Low-density lipoprotein cholesterol was calculated using the formula 1 and 2 (Friedewald et al., 1972):
Very low-density lipoprotein (VLDL) = TG/2.21 …....(1)
Low-density lipoprotein = TC - (VLDL + HDL) …..…(2)
Where TG means triglyceride, TC means total cholesterol, HDL means high density lipoprotein
Preliminary phytochemical screening
The preliminary qualitative phytochemical analysis was carried out to identify the secondary metabolites present in T. angustifolia aqueous extract in accordance with the methods described elsewhere (Salazar-Gómez et al., 2018), with some modifications. The tests were based on the visual observation, and visible color change, or precipitate formation was taken into consideration for the presence (+), moderate (++), abundant (+++) or absence (–) of particular active constituents.
Statistical analysis
All data are expressed as mean ± SEM (standard error of the mean). To perform statistical analyses, Sigma-Plot® 11.0 software was used. Statistical analyses were performed with one-way analysis of variance (ANOVA) followed by Student-Newman-Keuls multiple range median test. Significant difference was set at p values less than 0.05.
Acute oral toxicity
Acute toxicity study revealed that the T. angustifolia aqueous extract was safe up to a dose level of 2,000 mg/kg body weight. The mortality and abnormal behavior were not observed in mice during the 14-day acute toxicity test. In addition, no significant pathological changes in the vital organs including color and texture were observed by macroscopic examination.
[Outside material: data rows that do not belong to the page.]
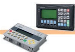
Terminales LCD Alfanuméricos
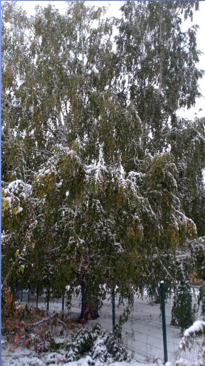
«Первый снег» 27 сентября 2022 г
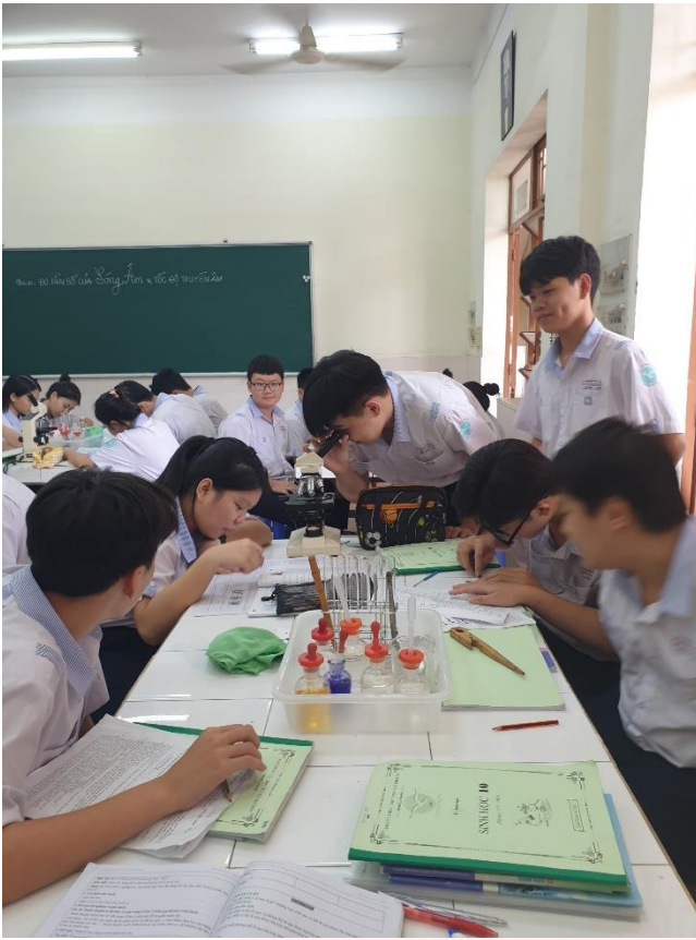
Hình ảnh về tiết thực hành sinh học lớp 10.

Effect on diabetic mice model
In alloxan-induced diabetic mice, the blood glucose level showed significant increase compared to the non-diabetes mice (Figure 1). Hypoglycemic effects of the aqueous extract showed to be on dose-independent manner with the mid dose producing a pronounced hypoglycemic effect. The aqueous extract treatment at 100 mg/kg significantly reduced the blood glucose level by 24.3% on day 11 of the experiment reaching the maximum decline on day 15 (-30.4%), whereas hyperglycemia was sustained in the diabetic mice.
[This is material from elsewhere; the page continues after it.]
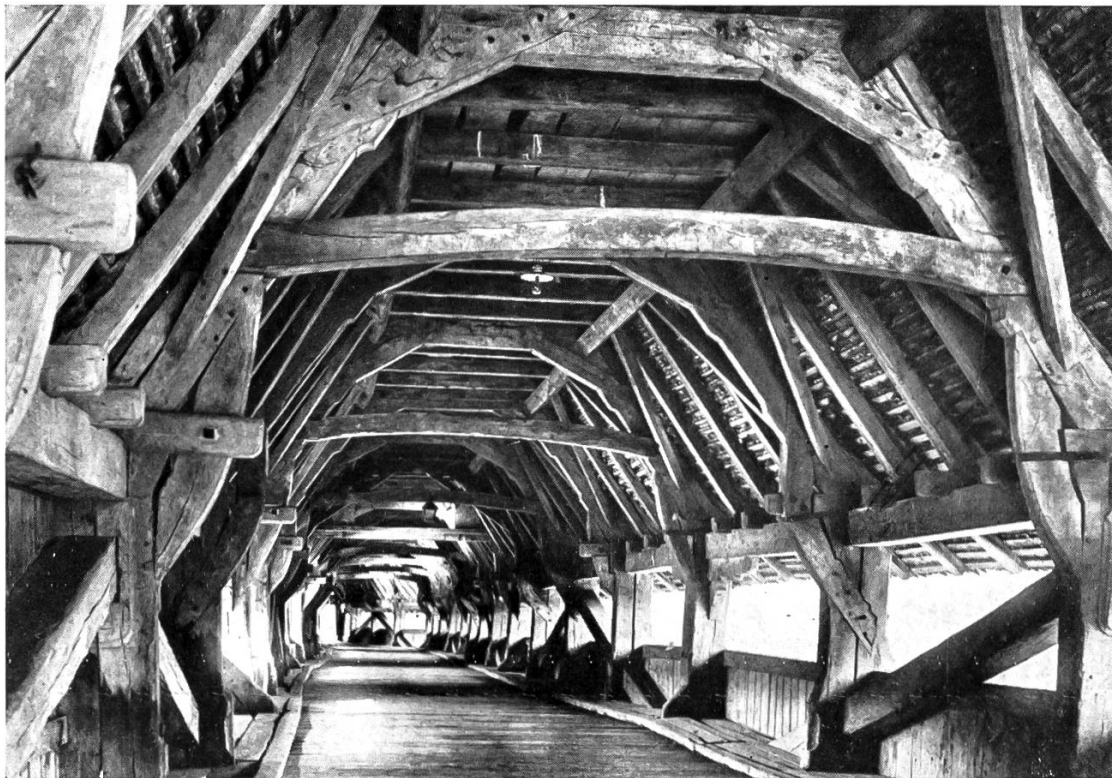
PONT EN BOIS SUR L'AAR, PRÈS DE BERNE, CONSTRUIT EN 1535 Vue de l'intérieur

Figure 1: Effect of T. angustifolia aqueous extract administration blood glucose levels (mg/dL) of alloxan-induced diabetic mice (data are mean ± SE; n=7 mice/group). ap<0.05 as compared with the diabetic group. D: Diabetic; TxAE: T. angustifolia aqueous extract
Effect on lipid profile
The plasma levels of LDL were significantly increased in the diabetic mice, contrariwise, the level HDL and triglyceride were significantly diminished in comparison to the control (p<0.05). The 15-day treatment with aqueous extract at dose 200 mg/kg showed a significant decrease in plasma level of LDL and total cholesterol. However, only at dose 50 mg/kg increased in the plasma level of HDL and triglyceride (Table I).
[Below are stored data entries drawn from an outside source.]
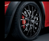
Cross Spoke R113 in Schwarz glänzend, 7J x 18 Zoll
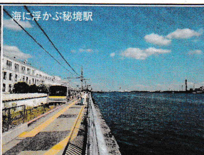
海に浮かぶ秘境駅
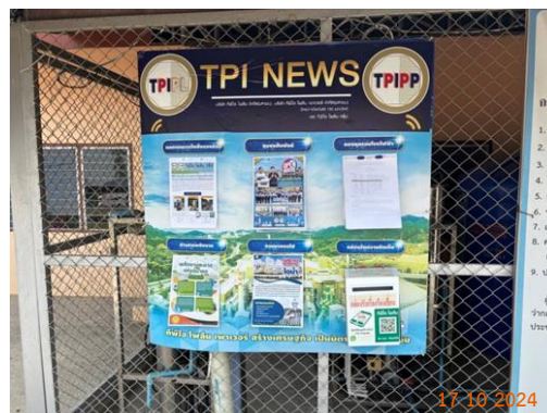
ศาลาประชาคม หมู่ 2 ต.ท่าคล้อ
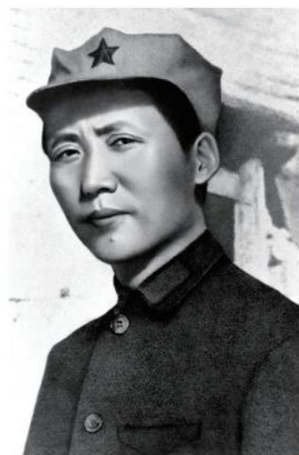
长征到达陕北后的毛泽东
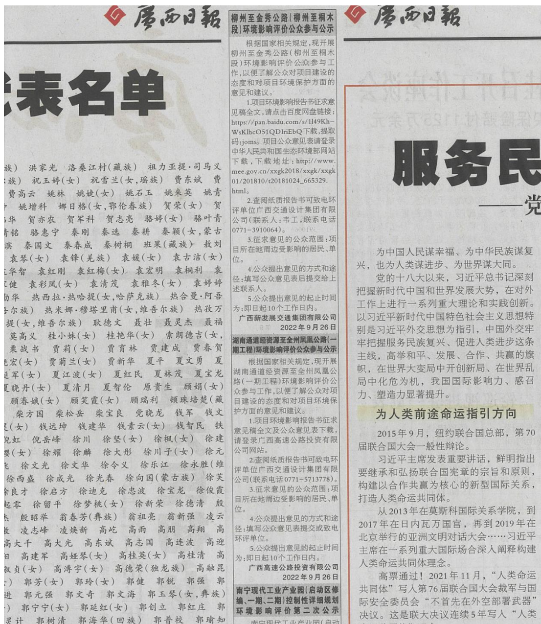
图 4 本项目环境影响报告书征求意见稿登报公示照片（第 2 次）

Total cholesterol (mmol/L) | LDL (mmol/L) | HDL (mmol/L) | Triglyceride (mmol/L) | |
---|---|---|---|---|
Control | 3.1 ± 0.2 | 0.9 ± 0.1 | 1.9 ± 0.2 | 1.4 ± 0.1 |
Diabetic | 3.1 ± 0.3 | 1.3 ± 0.1a | 1.1 ± 0.1a | 1.0 ± 0.3a |
Diabetic plus extract (50 mg/kg) | 3.6 ± 0.4 | 1.7 ± 0.2 | 1.7 ± 0.1b | 1.1 ± 0.2b |
Diabetic plus extract (100 mg/kg) | 2.9 ± 0.2 | 1.6 ± 0.2 | 1.2 ± 0.1 | 0.8 ± 0.1 |
Diabetic plus extract (200 mg/kg) | 2.2 ± 0.2b | 1.0 ± 0.1b | 1.1 ± 0.1 | 0.4 ± 0.1 |
Data expressed as a mean ± SEM; n = 7 mice/group; ap<0.05: the significant difference with respect to control group; bp<0.05: the significant difference with respect to diabetic group |
Preliminary phytochemical screening
Results of phytochemical tests of T. angustifolia aqueous extract revealed the presence of alkaloids, cumarins, saponins, flavonoids and reducing sugars (Table II).
Constituents | Test | Result |
---|---|---|
Alkaloids | Dragendorff test | ++ |
Mayer test | - | |
Wagner test | - | |
Sonnenschein test | + | |
Coumarins | Erlich reaction | + |
Tannins | Ferric chloride | - |
Saponins | Frothing | ++ |
Reductor sugar | Fehling | + |
Benedict | + | |
Quinones | Bornträger | - |
Cardiac glycosides | Kedde, Legal´s and Baljet´s reactions | - |
Flavonoids | Shinoda | +++ |
Key: (-) Absence, (+) Poor, (++) Moderate, (+++) Abundant |
The present study demonstrates the potential of T. angustifolia aqueous extract as a hypoglycemic agent in alloxan-induced diabetic animals. As far as we know, this is the first work that analyses T. angustifolia hypoglycemic activity. The hypoglycemic activity of T. angustifolia aqueous extract at 100 mg/kg may be due to the regeneration of β-cells that were partially destroyed by alloxan, like the effect reported for other plants extracts based on polar solvents (Oh, 2015). A higher hypoglycemic effect at doses >100 mg/kg was expected, but when a dose of 200 mg/kg was administrated a lower reduction in blood glucose levels was observed. This dose-independent effect could be linked to the presence of some other constituents in the aqueous extract which at high concentration could be acting as antagonist agents of the hypoglycemic effect as described in other aqueous plants extracts (Rangika et al., 2015). In phytochemical screening of aqueous extract, we observed the moderate presence of saponins and alkaloid. High concentration of these secondary metabolites and their interaction have showed to decrease the bioactive properties of each one (Milugo et al., 2013). The aqueous extract dose of 200 mg/kg, saponins and alkaloid would be administrated in high concentration reducing the hypoglycemic effect observed at lower dose. However, further specific investigations are required to clarify hypoglycemic effects produced by this plant.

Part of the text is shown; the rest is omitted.